What is the difference between horehound extract and horehound tea for respiratory health?
Horehound extract concentrates the active compounds like marrubiin for faster absorption and consistent dosing, while tea provides a more gradual, traditional delivery with additional benefits from hot fluid inhalation. Extracts typically offer higher potency per serving, but tea may be gentler on the stomach and allows for customizable preparation strength. Both forms can support respiratory relief, though extracts are preferred when standardized dosing is desired for consistency.
Is horehound safe for children with coughs and respiratory congestion?
Horehound is traditionally used for pediatric coughs in many cultures, but safety depends on the child's age and form used—teas and lozenges are generally preferred over concentrated extracts for young children. Most herbalists recommend consulting a healthcare provider before giving horehound to children under 2 years old, as safety data in this age group is limited.
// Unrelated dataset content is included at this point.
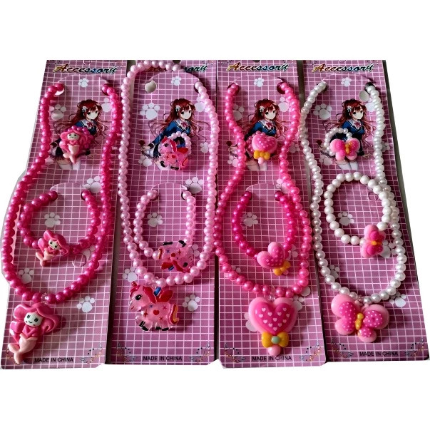 Pacote com 3/6/12 cartelas e cada cartela contém 1 colar com pingente, 1 pulseira com pingente e 1 anel com enfeite. Lindo acessório para as meninas! Composição: pérola sintética, plástico. OBSERVAÇÂO: Os modelos e os pingentes vão variados de acordo com o que temos em estoque. ENVIAS ALEATORIAS Garantimos que são lindos! Temos a pronta entrega. Adquira o seu!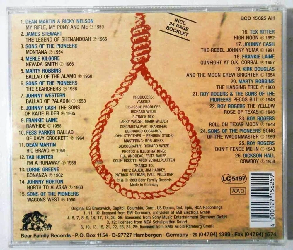 Music Movies / TV Video Games Books š§ Free UK Shipping š Same Day Dispatch 5ā Customer Service š· Great Value My rifle, my pony and me Ā£34.60 Ā£34.60 Ā£28.37 Save 18% Artist: Various Artists E A N: 4000127156259 Format: CD Genre: Pop Genre: Country Manufacturer: Bear Family-Rollercoaster Number Of Discs: 1 Release Date: 15/01/2000 Release Title: My Rifle, My Pony and Me Dean Martin & Ricky Nelson (2)ā My Rifle, My Pony And Me James Stewart (4)ā The Legend Of Shenandoah Sons Of The Pioneers*ā Montana Merle Kilgoreā Nevada Smith Marty Robbinsā The Ballad Of Alamo Sons Of The Pioneers*ā The Searchers Johnny Westernā Ballad Of Paladin Johnny Cashā The Sons Of Katie Elder Frankie Laineā Rawhide Fess Parkerā Ballad Of Davy Crockett Dean Martinā Rio Bravo Tab Hunterā I'm A Runaway Lorne Greeneā Bonanza Johnny Hortonā North To Alaska Sons Of The Pioneers*ā Wagons West Tex Ritterā High Noon Johnny Cashā The Rebel Johnny Yuma Frankie Laineā Gunfight At O.K. Corral Kirk Douglas (2)ā And The Moon Grew Brighter Marty Robbinsā The Hanging Tree Roy Rogers (3) & The Sons Of The Pioneersā Pecos Bill Roy Rogers (3)ā The Yellow Rose Of Texas Roy Rogers (3)ā Roll On Texas Moon Sons Of The Pioneers*ā Song Of The Wagonmaster Roy Rogers (3)ā Don't Fenice Me In Dickson Hallā Cowboy We also sell Films & TV Video Games Music Audio Books Editors picks Sit Down Next to Me Ā£9.84 Progress Ā£1.98 Scottish Moods Ā£19.11 Intensive Care Ā£1.98 Encore Ā£1.95 Friday's Child Ā£1.95 For The Many Ā£3.74 Keep On Ā£1.98 IMPORTANT INFORMATION IMAGES We use stock images in all of our listings. Images are for illustrative purposes only. Actual item cover, artwork and / or edition may vary. ITEM CONDITION If the item is listed as used, your item will be previously owned but still in great condition. The disc will play perfectly without interruption. Case, inlay notes and sleeve may show limited signs of wear or may not be included. If the item is listed as new, your item will come brand new and wrapped in original cellophane. REGION CODES All DVDs have embedded region codes, these codes are separated and administrated by geographic location (donāt forget to check our description before purchasing). Region 1: USA & Canada, Bermuda, and US Territories Region 2: Europe, UK Region 3: South-eastern Asia Region 4: Latin America and Australia Region 5: Russia, Asia (non-southeast), and Africa Region 6: China PACKAGING Your order might come packed in a recycled plastic mail bag. Used mail bags can be recycled via soft plastic recycling schemes operated by majority of supermarkets thourghout the UK. INTERNATIONAL ORDERS We would like to advise our international customers, that the UK is now out of the EU single market and that international orders may be subject to duty, VAT, administation or clearance fees imposed by the customs in destination country. MORE Please feel free to contact us for any additional information regarding the item. Powered by

For older children, diluted tea or age-appropriate lozenges are considered safer options than concentrated supplements.
Can horehound interact with cough medications or asthma treatments?
Horehound may have mild interactions with certain medications due to its bronchodilating properties, particularly with asthma drugs or blood pressure medications that affect smooth muscle relaxation. While horehound is not known for major drug interactions, it is prudent to inform your healthcare provider if using it alongside prescription respiratory or cardiovascular medications. Starting with lower doses and monitoring for any unexpected effects is recommended when combining horehound with existing medications.